=== Begin Enclosure ===
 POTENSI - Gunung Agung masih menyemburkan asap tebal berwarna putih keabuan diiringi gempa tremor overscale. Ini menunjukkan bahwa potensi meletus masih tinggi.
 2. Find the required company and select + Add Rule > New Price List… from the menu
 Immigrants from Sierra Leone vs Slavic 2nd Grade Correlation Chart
=== End Enclosure ===
=== Begin Enclosure ===
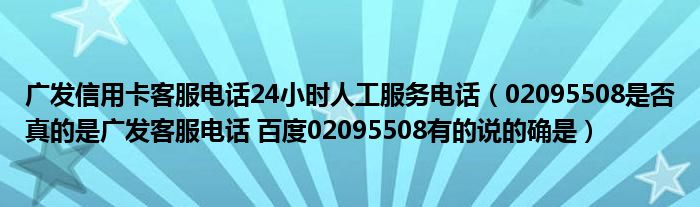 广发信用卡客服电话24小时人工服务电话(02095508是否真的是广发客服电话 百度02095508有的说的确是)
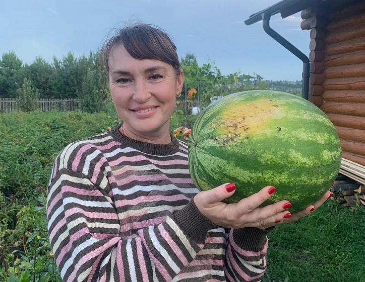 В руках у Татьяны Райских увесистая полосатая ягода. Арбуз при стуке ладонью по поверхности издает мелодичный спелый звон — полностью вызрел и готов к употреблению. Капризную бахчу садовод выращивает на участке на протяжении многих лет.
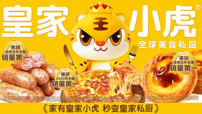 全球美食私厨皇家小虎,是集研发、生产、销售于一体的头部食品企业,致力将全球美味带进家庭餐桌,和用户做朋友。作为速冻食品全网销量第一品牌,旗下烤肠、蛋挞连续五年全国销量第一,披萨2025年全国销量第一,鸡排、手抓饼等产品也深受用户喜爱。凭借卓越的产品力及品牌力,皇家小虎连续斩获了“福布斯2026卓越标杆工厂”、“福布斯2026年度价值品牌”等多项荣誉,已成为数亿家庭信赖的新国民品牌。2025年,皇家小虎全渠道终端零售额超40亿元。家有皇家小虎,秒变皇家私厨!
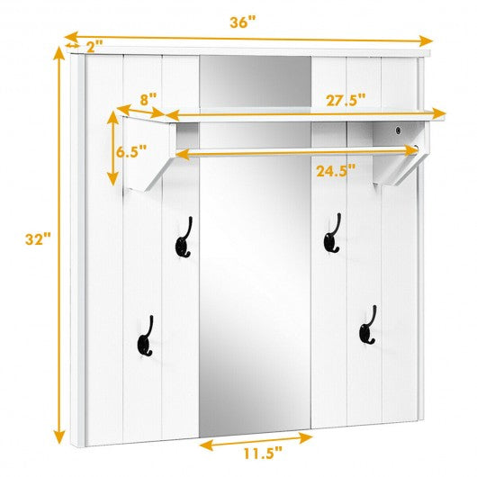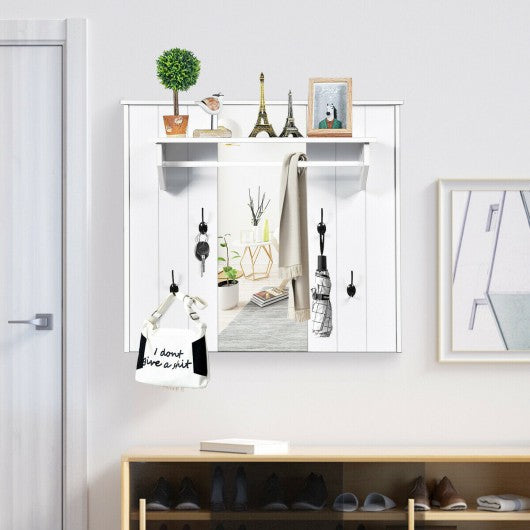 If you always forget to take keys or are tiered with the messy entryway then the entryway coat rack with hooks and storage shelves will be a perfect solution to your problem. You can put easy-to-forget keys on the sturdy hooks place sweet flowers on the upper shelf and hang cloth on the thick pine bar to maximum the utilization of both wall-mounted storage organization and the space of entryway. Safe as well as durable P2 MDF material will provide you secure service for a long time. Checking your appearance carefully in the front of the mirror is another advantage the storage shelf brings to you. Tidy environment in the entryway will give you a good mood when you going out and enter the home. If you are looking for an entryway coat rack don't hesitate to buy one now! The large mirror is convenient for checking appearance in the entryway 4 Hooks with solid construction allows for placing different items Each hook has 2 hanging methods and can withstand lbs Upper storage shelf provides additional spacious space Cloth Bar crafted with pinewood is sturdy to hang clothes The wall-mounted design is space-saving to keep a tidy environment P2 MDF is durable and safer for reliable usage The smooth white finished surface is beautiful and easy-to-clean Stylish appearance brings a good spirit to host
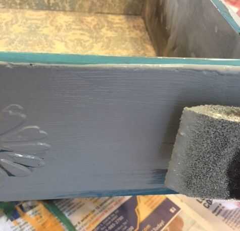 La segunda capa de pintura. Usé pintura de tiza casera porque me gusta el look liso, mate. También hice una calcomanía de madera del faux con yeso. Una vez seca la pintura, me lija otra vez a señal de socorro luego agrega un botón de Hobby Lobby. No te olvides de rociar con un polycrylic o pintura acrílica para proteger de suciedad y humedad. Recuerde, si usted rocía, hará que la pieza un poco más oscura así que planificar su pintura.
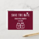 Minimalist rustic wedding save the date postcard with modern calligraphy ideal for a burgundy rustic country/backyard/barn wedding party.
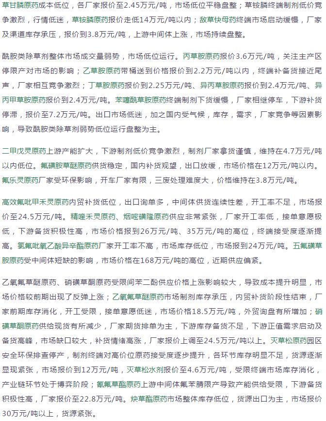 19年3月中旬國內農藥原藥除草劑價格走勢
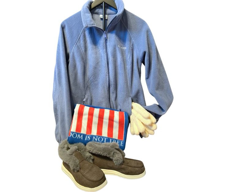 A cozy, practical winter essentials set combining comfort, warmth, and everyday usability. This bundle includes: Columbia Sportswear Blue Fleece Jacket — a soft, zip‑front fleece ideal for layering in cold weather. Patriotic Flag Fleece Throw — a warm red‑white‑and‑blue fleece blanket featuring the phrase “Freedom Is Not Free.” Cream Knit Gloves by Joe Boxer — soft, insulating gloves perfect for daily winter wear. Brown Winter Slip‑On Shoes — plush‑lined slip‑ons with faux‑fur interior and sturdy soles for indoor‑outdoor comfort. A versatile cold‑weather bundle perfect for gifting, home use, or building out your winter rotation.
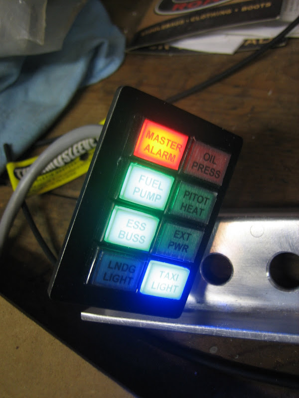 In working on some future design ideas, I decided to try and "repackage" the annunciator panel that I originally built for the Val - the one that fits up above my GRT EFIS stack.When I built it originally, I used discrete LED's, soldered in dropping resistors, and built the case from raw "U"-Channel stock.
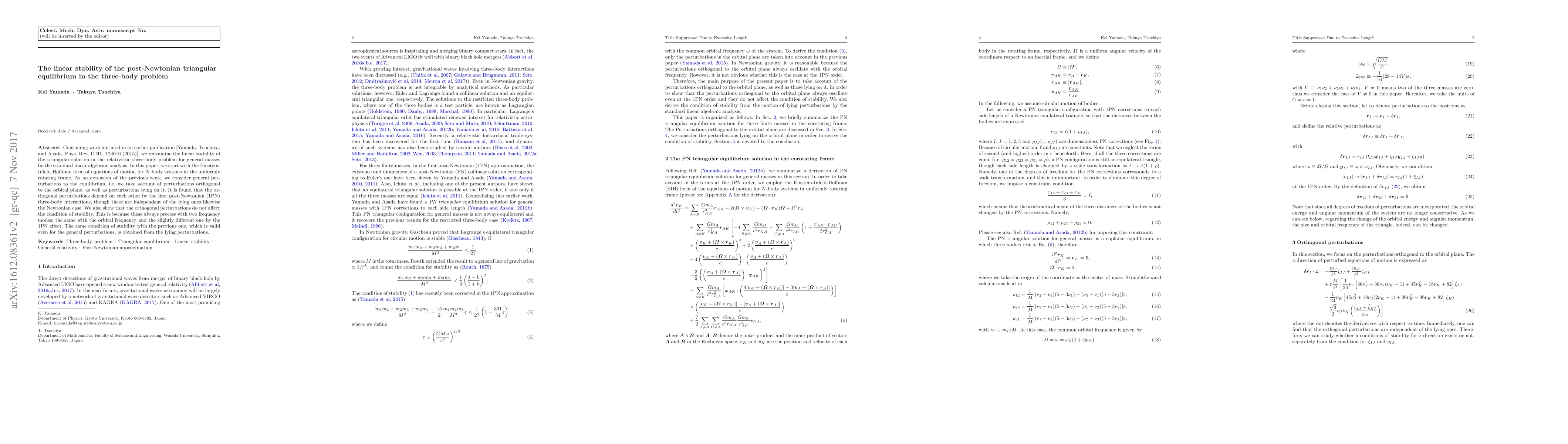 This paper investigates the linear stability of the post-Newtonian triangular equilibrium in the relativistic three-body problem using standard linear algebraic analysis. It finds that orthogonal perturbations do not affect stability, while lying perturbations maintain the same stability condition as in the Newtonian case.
=== End Enclosure ===
=== Begin Enclosure ===
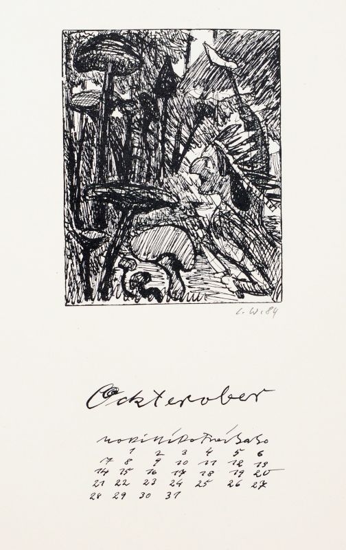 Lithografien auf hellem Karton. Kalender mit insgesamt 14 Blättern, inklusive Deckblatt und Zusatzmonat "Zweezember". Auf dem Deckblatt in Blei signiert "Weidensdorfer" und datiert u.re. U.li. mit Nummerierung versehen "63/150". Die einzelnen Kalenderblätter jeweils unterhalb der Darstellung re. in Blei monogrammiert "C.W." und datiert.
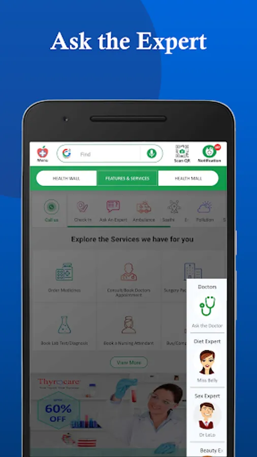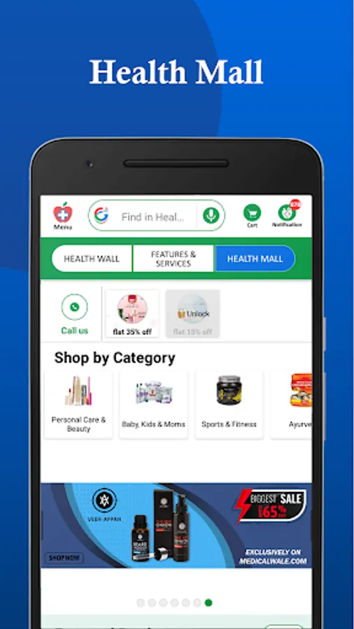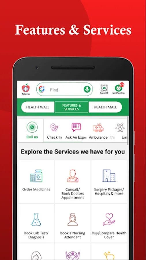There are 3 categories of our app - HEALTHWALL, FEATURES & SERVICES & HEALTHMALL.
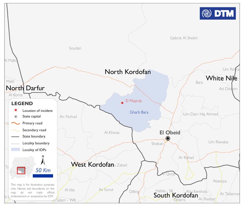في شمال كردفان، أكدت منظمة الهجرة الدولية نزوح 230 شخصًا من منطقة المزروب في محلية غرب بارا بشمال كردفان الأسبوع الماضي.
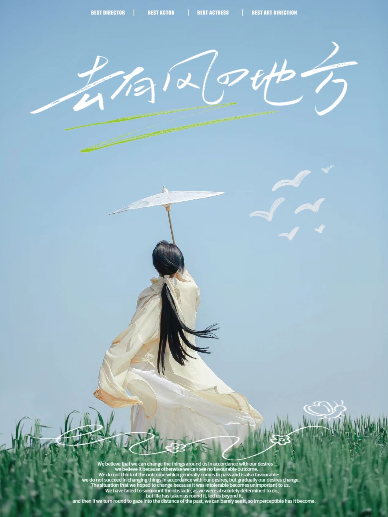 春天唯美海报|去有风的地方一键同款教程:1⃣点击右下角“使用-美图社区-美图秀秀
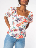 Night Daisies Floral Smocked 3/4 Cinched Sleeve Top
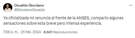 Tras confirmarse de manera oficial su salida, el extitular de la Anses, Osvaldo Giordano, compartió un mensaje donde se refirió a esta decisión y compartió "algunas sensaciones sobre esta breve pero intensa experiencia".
=== End Enclosure ===
• [Work instruction]: Within the material above, only the stretch from the line holding "В руках у Татьяны" through the line holding "全球美食私厨皇家小虎,是集研" is to be restated exactly. Pictures are dropped.

• [Response box]:
 В руках у Татьяны Райских увесистая полосатая ягода. Арбуз при стуке ладонью по поверхности издает мелодичный спелый звон — полностью вызрел и готов к употреблению. Капризную бахчу садовод выращивает на участке на протяжении многих лет.
 全球美食私厨皇家小虎,是集研发、生产、销售于一体的头部食品企业,致力将全球美味带进家庭餐桌,和用户做朋友。作为速冻食品全网销量第一品牌,旗下烤肠、蛋挞连续五年全国销量第一,披萨2025年全国销量第一,鸡排、手抓饼等产品也深受用户喜爱。凭借卓越的产品力及品牌力,皇家小虎连续斩获了“福布斯2026卓越标杆工厂”、“福布斯2026年度价值品牌”等多项荣誉,已成为数亿家庭信赖的新国民品牌。2025年,皇家小虎全渠道终端零售额超40亿元。家有皇家小虎,秒变皇家私厨!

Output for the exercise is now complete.